Golar LNG Limited
- Type: Publicly traded limited company
- Traded as: Nasdaq: GLNG Russell 2000 Component
- Industry: Conglomerate
- Founded: 2001
- Headquarters: Hamilton, Bermuda
- Area served: Global
- Key people: Tor Olav Trøim (Chairman),
- Revenue: US $244.0 million (2010)
- Operating income: US $60.2 million (2010)
- Net income: US $384,000 (2010)
- Total assets: US$2.078 billion (end 2010)
- Total equity: US$599.3 million (end 2010)
- Number of employees: 33 (end 2010)
- Parent: World Shipholding (47.64%)
- Website: www.golarlng.com

= Golar LNG =

Gas shipping company

Golar LNG owns and operates marine LNG infrastructure. The company has developed floating LNG liquefaction terminal (FLNG) and Floating Storage and Regasification Unit (FSRU) projects based on the conversion of existing LNG carriers. Front End Engineering and Design (FEED) studies have now been completed for a larger newbuild FLNG solution. Golar is also collaborating with another industry leader to investigate solutions for the floating production of blue and green ammonia as well as carbon reduction in LNG production.

==History==
The company was founded in 1946 as Gotaas-Larsen Shipping Company. In 1970 the company entered the LNG segment.

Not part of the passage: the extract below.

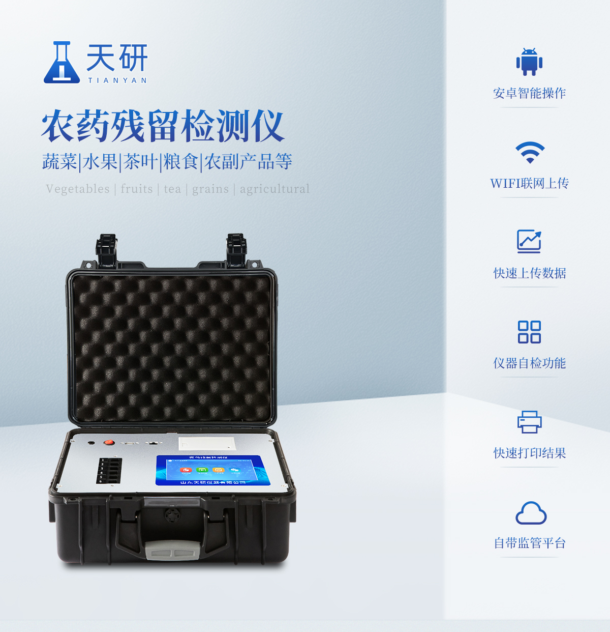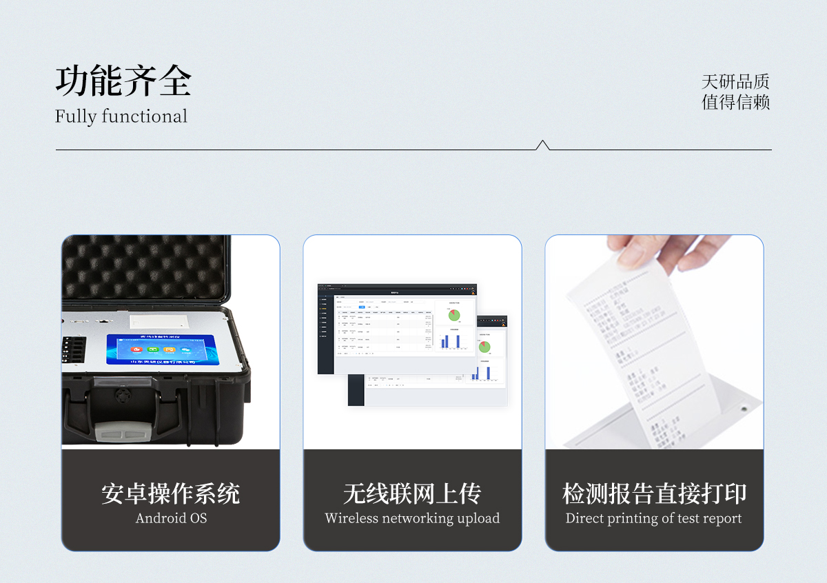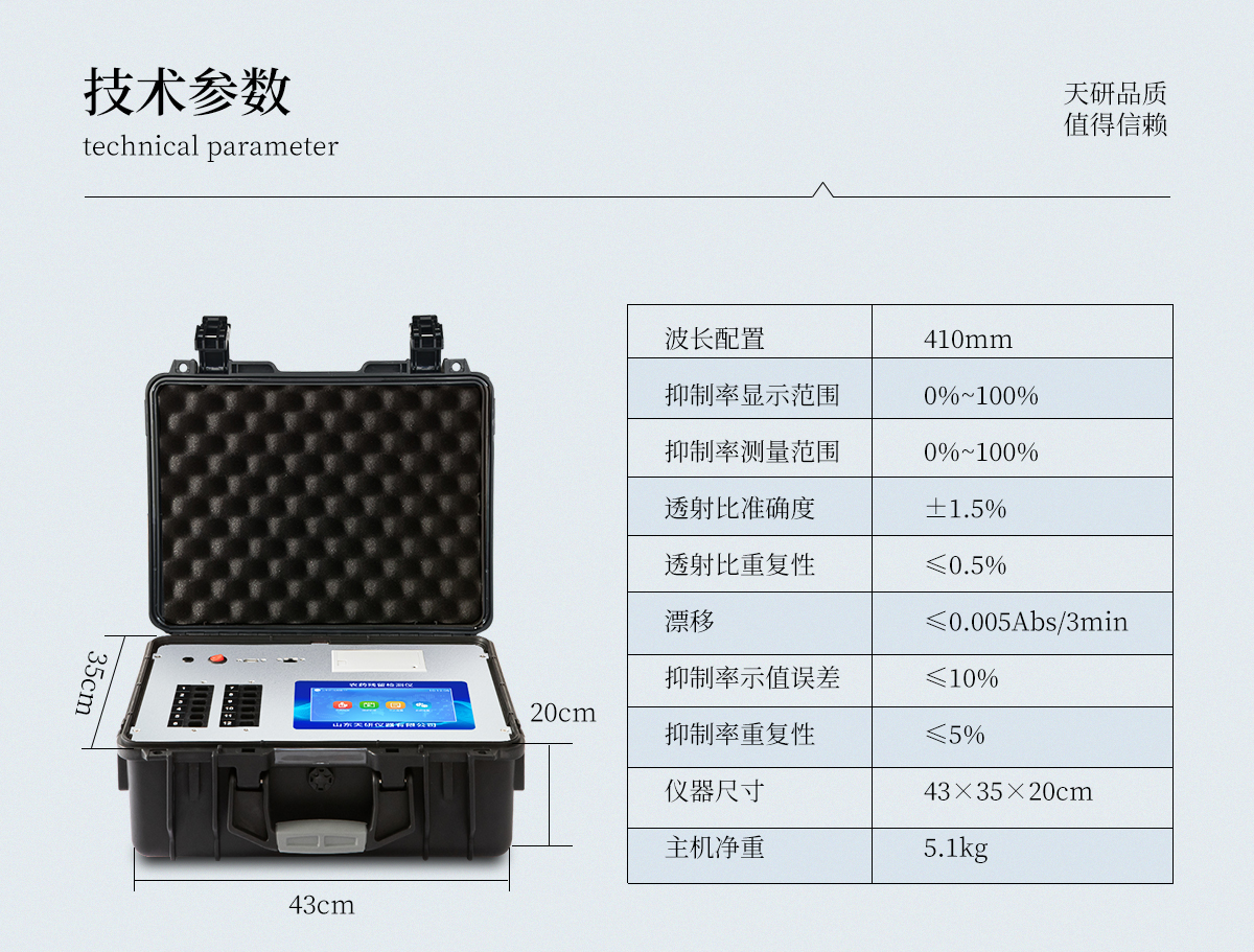 | 機箱采用工業(yè)級ABS工程塑料箱,方便攜帶,穩(wěn)固耐用,便于流動測試。 | 智能操作系統(tǒng),采用更加人性化操作,主控采用多核處理器,主頻1.88Ghz,運轉(zhuǎn)速度更快速,穩(wěn)定性更強。 | 自動判斷樣品是否合格,檢測結(jié)果更加直觀。 | 儀器具有100多種蔬菜名稱菜單庫,分類管理,并可按需添加或刪除蔬菜名,編輯蔬菜名稱,可直接打印出蔬菜名稱。 | 檢測通道:12個檢測通道,可以同時測試多個樣品,循環(huán)檢測,即放即檢,每個樣品由程序控制分別獨立工作,不會互相干擾。 | 儀器具有wifi聯(lián)網(wǎng)功能,可將數(shù)據(jù)快速上傳電腦,進行數(shù)據(jù)管理與統(tǒng)計,4G信號GPRS遠傳功能,可插手機卡實現(xiàn)數(shù)據(jù)遠傳平臺,。 | 顯示方式:7英寸高靈敏真彩觸摸屏顯示,人性化中文操作界面,讀數(shù)直觀、簡單。 | 打印機采用串口5v打印,可選擇手動打印或者自動打印,三分鐘出打印結(jié)果,打印格式為檢測人姓名、吸光度差值、檢測時間、檢測機構(gòu)、樣品名稱及結(jié)果判定。 | 光源采用進口超高亮發(fā)光二極管,具有低功耗、高精度、穩(wěn)定性強、光源可控可以關(guān)掉不使用的光源,響應(yīng)速度快等優(yōu)點。 | 智能恒流穩(wěn)壓,光強自動校準(zhǔn),長時間連續(xù)工作光源無溫漂現(xiàn)象。 | 采用USB2.0接口設(shè)計,方便數(shù)據(jù)的存貯和移動,并可隨時與計算機直接相連,并且可用計算機控制儀器。實現(xiàn)數(shù)據(jù)查詢、瀏覽、分析、統(tǒng)計、打印等。 | 智能化程度高,儀器具有自檢功能:具有開機自檢和調(diào)零功能,具有自動檢測重復(fù)性功能 | 儀器具有自身保護功能,可設(shè)置用戶名及密碼,防止非工作人員操作等。 | 采用DC12v直流供電,安全系統(tǒng)更高,并且配備6A鋰電池充電器。 | 儀器具有重新校準(zhǔn)、鎖定、恢復(fù)出廠設(shè)置功能。 |

In 1973, the Gotaas-Larsen oil tanker exploded and sank off the Canary Islands. With gross register tonnage of 98,894 and deadweight tonnage of 216,326 LT, it was at the time the largest ship ever lost at sea.

The Singapore-based Osprey Maritime bought the company in 1997. In 2000 the John Fredriksen-controlled World Shipholding started a take-over of Osprey, completed in 2001 when the LNG segments of Osprey were transferred to Golar LNG. It was listed on the Oslo Stock Exchange in 2001 and NASDAQ in 2002, 30 August 2012 it was delisted from Oslo Stock Exchange.

In June 2015, Golar LNG announced a joint venture with Stolt-Nielsen to pursue production and distribution opportunities. The latter also made a strategic investment in the former, acquiring a 2.3 percent stake.

Golar LNG Partners LP still operated the world's first regasification vessel Golar Spirit converted from an LNG carrier as of 2009. The ship was later sold to New Fortress Energy.